Dominic is fourteen years old and needs to go to a decent school.
Aged only four he learnt to ride a Yamaha PW 50. Aged only nine he could drive my Range Rover and now he can drive my truck. He is a demon on a jetski and knows how to handle a rifle safely and can comfortably hit what he aims at. Just today we were discussing the Periodic Table of the Elements. He explained to me that the most abundant element in the universe was iron and that, in fact, all life on earth depended on its iron core the motion of which providing as it did, the magnetic field that protected the planet's surface from solar radiation. He went on to say that iron was the most stable element of the universe and all other elements either side of it on the Periodic Table tended to decay towards it. He'd lost me by now.
'Dad, you did nuclear physics, you know all about decay!' he protested.
No, Son, I am old and sick, that's why I know all about decay I thought but, blimey, I was impressed.
But he is absolutely corrrect, of course. Iron is the most abundant element and if our earth with its elliptical orbit wasn't constantly being massaged by the sun's gravitational pull creating internal friction, our liquid iron core would cool, denuding the magnetic field that so far has protected us from the mother of all storms, a solar one. Solar winds, hitherto deflected would strip our atmosphere away and Earth would resemble Mars in no time.
Regular readers of this blog will know that the only reason I am still here is that I separated from Dominic's mother over ten years ago and, since she was Angolan, lost custody of him. The only way I could have any influence on his development, therefore, was to give up my career and stay in Angola and take any shit job I could and just make the best of a generally bleak situation. I call my blog 'A Hippo on the Lawn' but I subtitle it, 'Diary of an Involuntary Expatriate'. I didn't choose to be here. As far as I am concerned, I could easily do Life in a UK prison. You try doing twenty years in this shithole. The whisky will get me before I get parole. My liver would have been better off had I been in prison all this time but I have a son and even if the law will only allow me to be near him on certain occasions, I have an obligation to him. That's why I taught him to ride a motorcycle aged four. It is why I bought him a telescope so he could look at stars those in the Northern Hemisphere could only dream of. I taught him to fish and got him a microscope so he could study the beasties we collected on our walks together. His English isn't perfect but it is pretty damn good. At fourteen he can drive my truck. It is time for him to go to a decent school.

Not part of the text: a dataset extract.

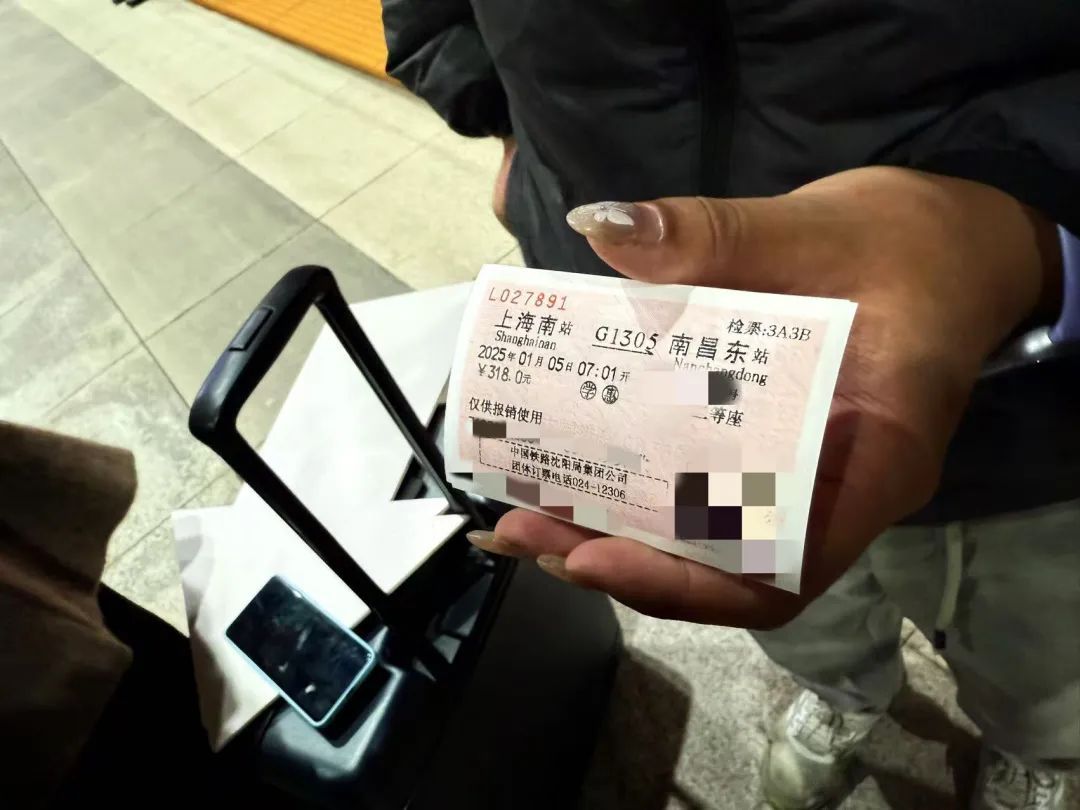 在得知自己即将乘坐的G1305次列车是南站首趟高铁列车后,有的旅客难掩兴奋之情,纷纷举起手机合影留念;有的旅客还特意取了纸质车票,留作纪念。
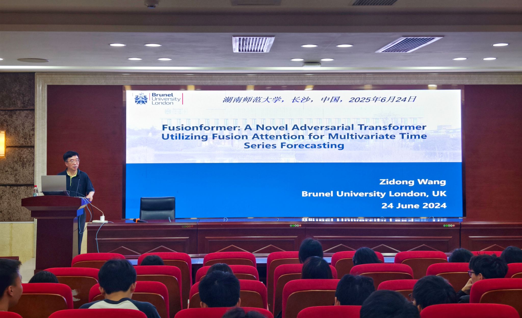 6月24日上午,应湖南师范大学信息科学与工程学院、智能计算与语言信息处理湖南省重点实验室邀请,欧洲科学院院士,欧洲科学与艺术院院士,王子栋教授进行了主题为“Adversarial Transformer for Multivariate Time Series Forecasting”的学术报告,本次报告由信息科学与工程学院肖林副院长主持,科研办组织召开,2024级研究生及相关老师参加。

A few years ago, I put his name down for my old school and since, like so many others, they had embraced the interweb thingy, Dominic could see what was on offer. I could see he wasn't terribly impressed. I have to confess, I wasn't either. There were videos you could download of boys playing Health and Safety Rugby, a game which, as far as I could tell, involved running as far away as one could from the ball. Clearly, a lot has changed in UK and when we got to the Domestic Science bit, both Dominic and I decided to grab our rifles and go and shoot something. Honestly, UK schools are crap. In fact, in a recent survey of First World countries, UK came bottom in Education and bottom on the scale of nice places for children to grow up. You only have to watch Sky News to see what a shithole UK is. I did not go through all this to send my boy somewhere almost as bad as Angola. Frankly, I was stumped.

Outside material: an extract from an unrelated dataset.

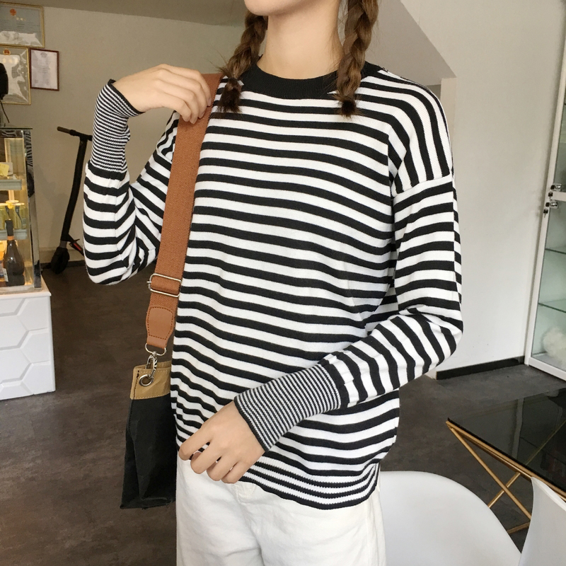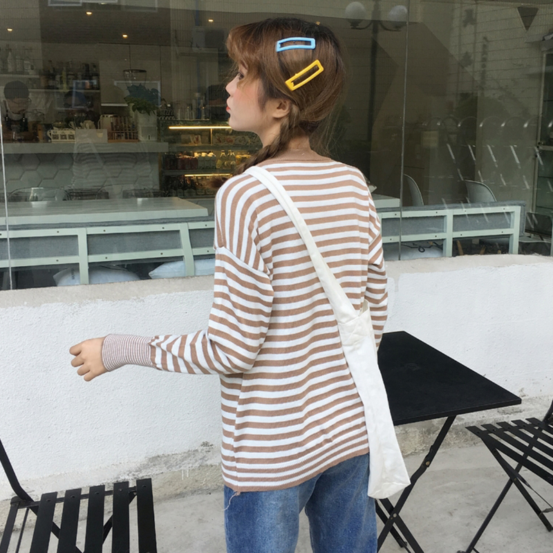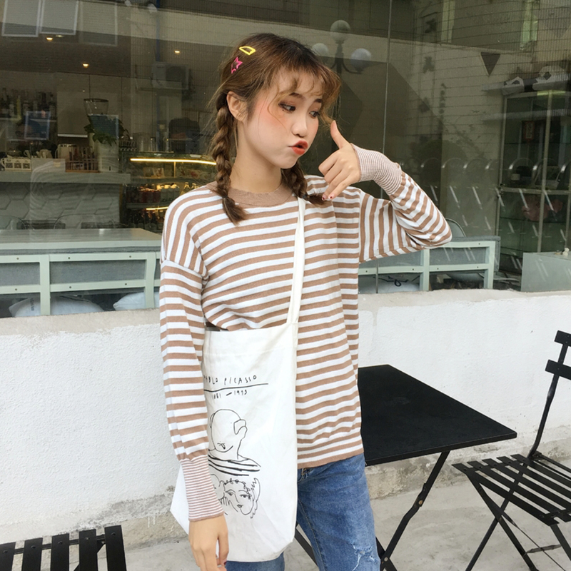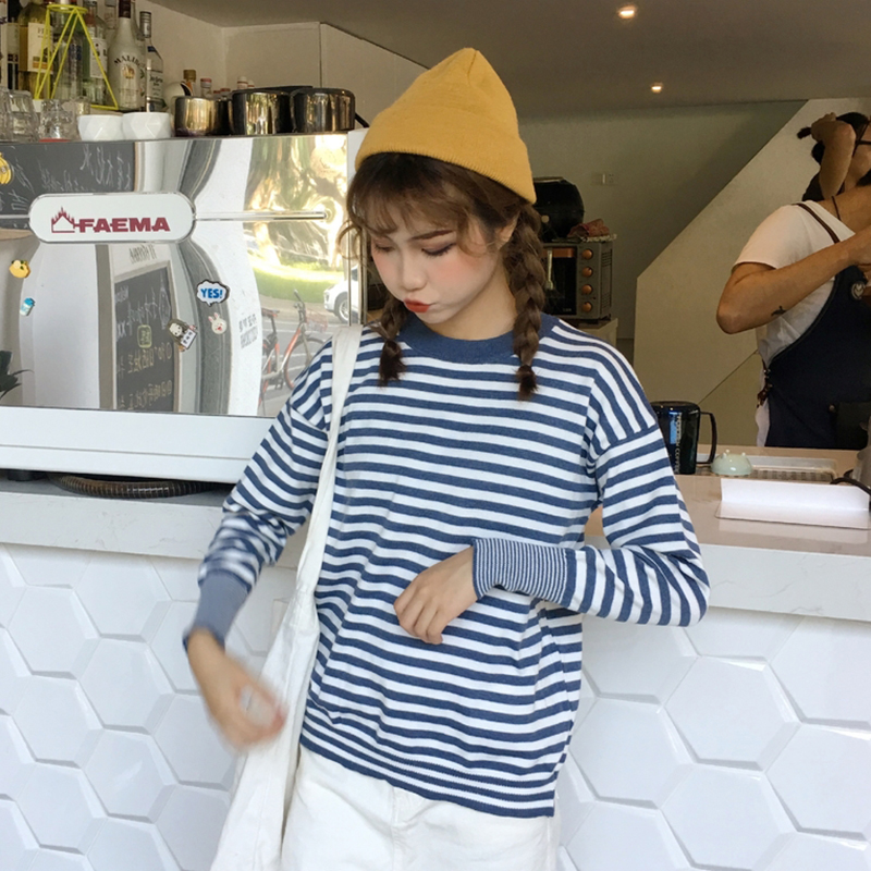 秋冬女裝2018新款韓版百搭條紋長袖針織衫學生寬松外穿打底薄毛衣

Dominic wasn't, though. I had bought him and taught him how to use a computer. So he searched the web and found a school he liked the look of.
That was eight months ago. If that is what he wants, I thought, that's what he gets so we applied.
One week from today, at 0900 hrs Saturday, Dominic will sit his entrance exam at the Portuguese Embassy in Luanda.
I beg you all to keep your fingers crossed, he really wants this. And if he wants this so badly, so do I. Even though I am estranged from his mother, I know she has had a hand in this and has done an excellent job raising my son (I admit this grudgingly) after all, which father is caught on the hop by a phone call from a fourteen year old wishing to clarify matters pertaining to both chemistry and physics? Sadly, I cannot tutor him. I answered his questions and then advised him to study his notes hard until Thursday night. Friday night, the night before his exam, I told him he should relax, chill out. Eat a good meal and watch some TV. Then, at a decent time, go to bed but place his notes under his pillow but under no circumstances, study. I could not explain to him how this works but it does and I so desperately want him to succeed because I know he wants this.
Is it genetic?
Why do sons invariably follow in their father's footsteps?
Dominic is going for the Portuguese Military Academy.
|'You're next. Remember, first blood doesn't hurt THAT much...'|
|I remember that, Chapel is boring!|
|But Tanks are fun!|
They teach them to ride horses as well and how to dance with a lady. If he passes his exam, I will be saying goodbye to him in just three month's time.